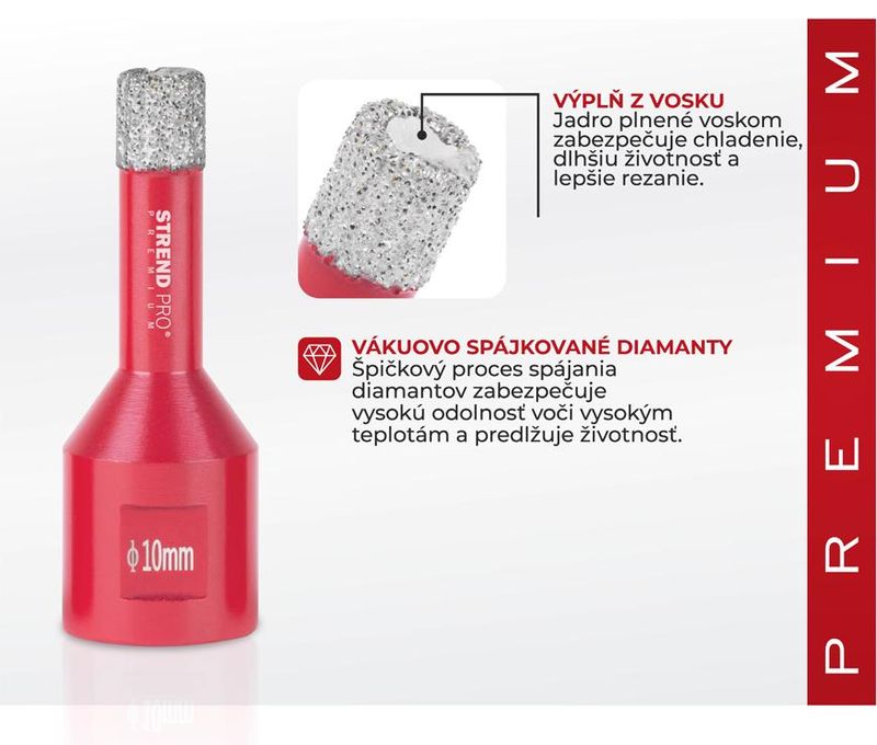 - Industrial class - suitable for all types of hardened stone and its compounds, ceramic tiles, marble, granite and gres - diamond width 10 mm - for dry drilling
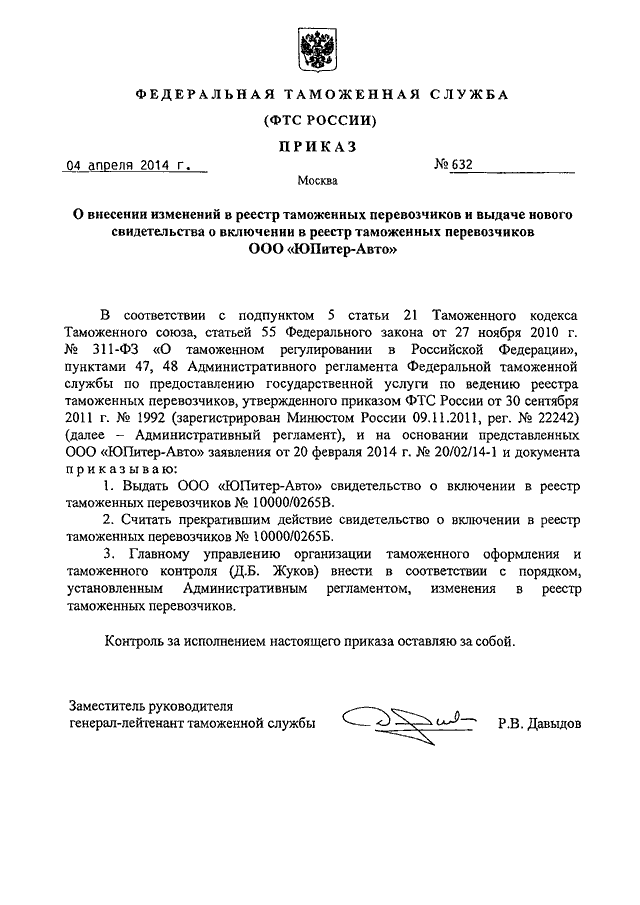 ПРИКАЗ ФТС РФ от 04.04.2014 N 632
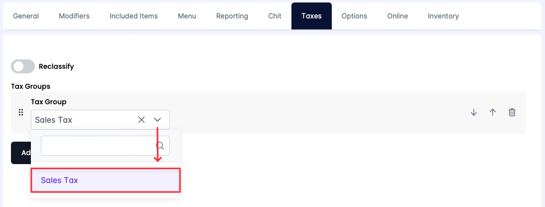 - Use the Tax Group drop-down menu and select a previously configured Tax Group.

AIM OF THE EXERCISE:
Print the material exactly as given, but not the pictures.

SOLVED EXERCISE:
 - Industrial class - suitable for all types of hardened stone and its compounds, ceramic tiles, marble, granite and gres - diamond width 10 mm - for dry drilling
 ПРИКАЗ ФТС РФ от 04.04.2014 N 632
 - Use the Tax Group drop-down menu and select a previously configured Tax Group.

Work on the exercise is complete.